Hi Christoph,
On Fri, Mar 09, 2007 at 10:39:13AM +0000, Christoph Hellwig wrote:Hi Nick,
sorry for my later reply, this has been on my to answer list for the last
month and I only managed to get back to it now.
No worries, I haven't had much time to work on it since then anyway.
Thanks for taking a look.
On Thu, Feb 08, 2007 at 02:07:36PM +0100, Nick Piggin wrote:as a single call to copy a given amount of userdata at the given offset. This
is more flexible, because the implementation can determine how to best handle
errors, or multi-page ranges (eg. it may use a gang lookup), and only requires
one call into the fs.
I really like this idea, especially for avoiding to call into the allocator
for every block.
Have you contacted the reiser4 folks whether this would
superceed their batch_write op completely?

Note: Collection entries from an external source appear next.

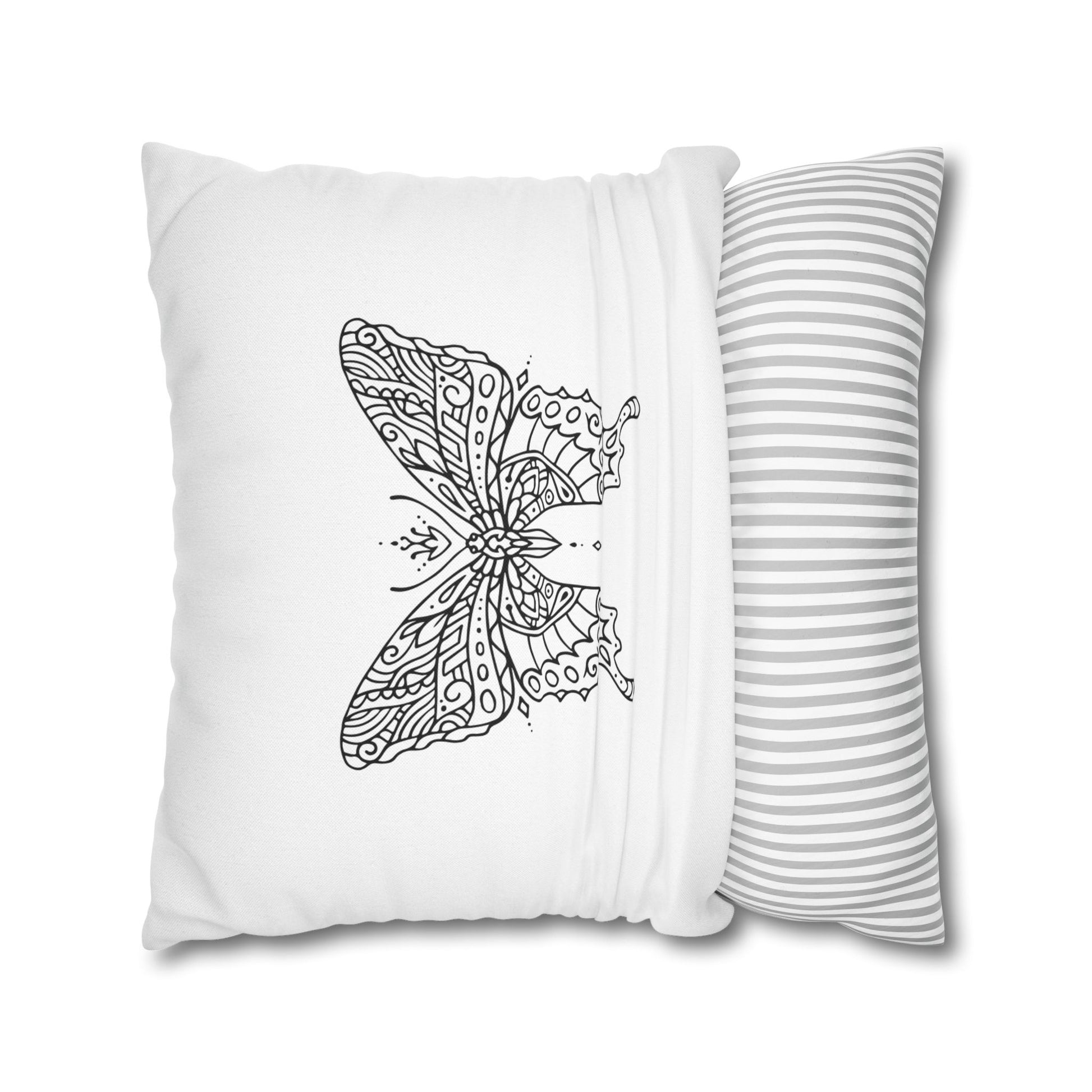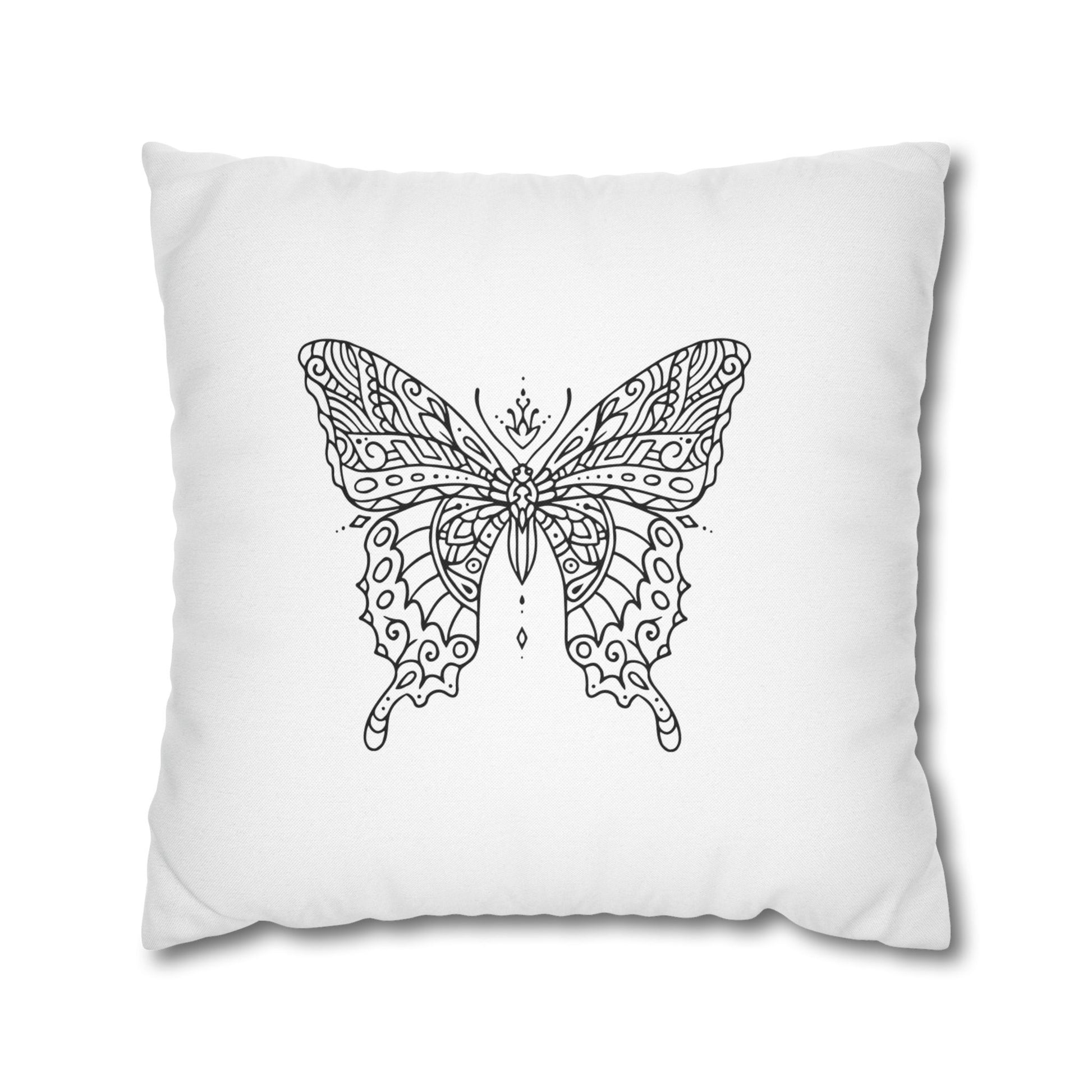SCHMETTERLING ZEICHNUNG ÄSTHETISCH • Deko Kissenbezug mit Reißverschluss Quadratisch Weiß
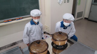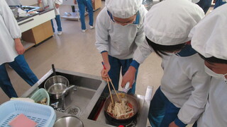 6年生が家庭科の時間に野菜のベーコン巻きをつくりました。手際よく野菜を切ったり、ベーコン巻きを炒めたりしました。ベーコンに巻ききれなかった野菜を炒めたり、白米を炊いたりもしました。とてもおいしそうでした。
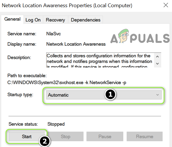 - Now, double-click on the Network Location Service & set its Startup type to Automatic.

I haven't yet, although that's been on my todo list when I get the API
into a more final state.
batch_write seems quite similar, however theirs is still page based, and
a bit crufty, IMO. I found it to be really clean to just pass down offsets,
but that may be a matter for debate.
What they _do_ have is a write actor function that will do the data copy.
This could be one possible way to get rid of ->prepare_write and
->commit_write, but I haven't tried that yet, because I don't like adding
more redirection and complexity if possible...
One problem with this interface is that it cannot be used to write into the
filesystem by any means other than already-initialised buffers via iovecs. So
prepare/commit have to stay around for non-user data...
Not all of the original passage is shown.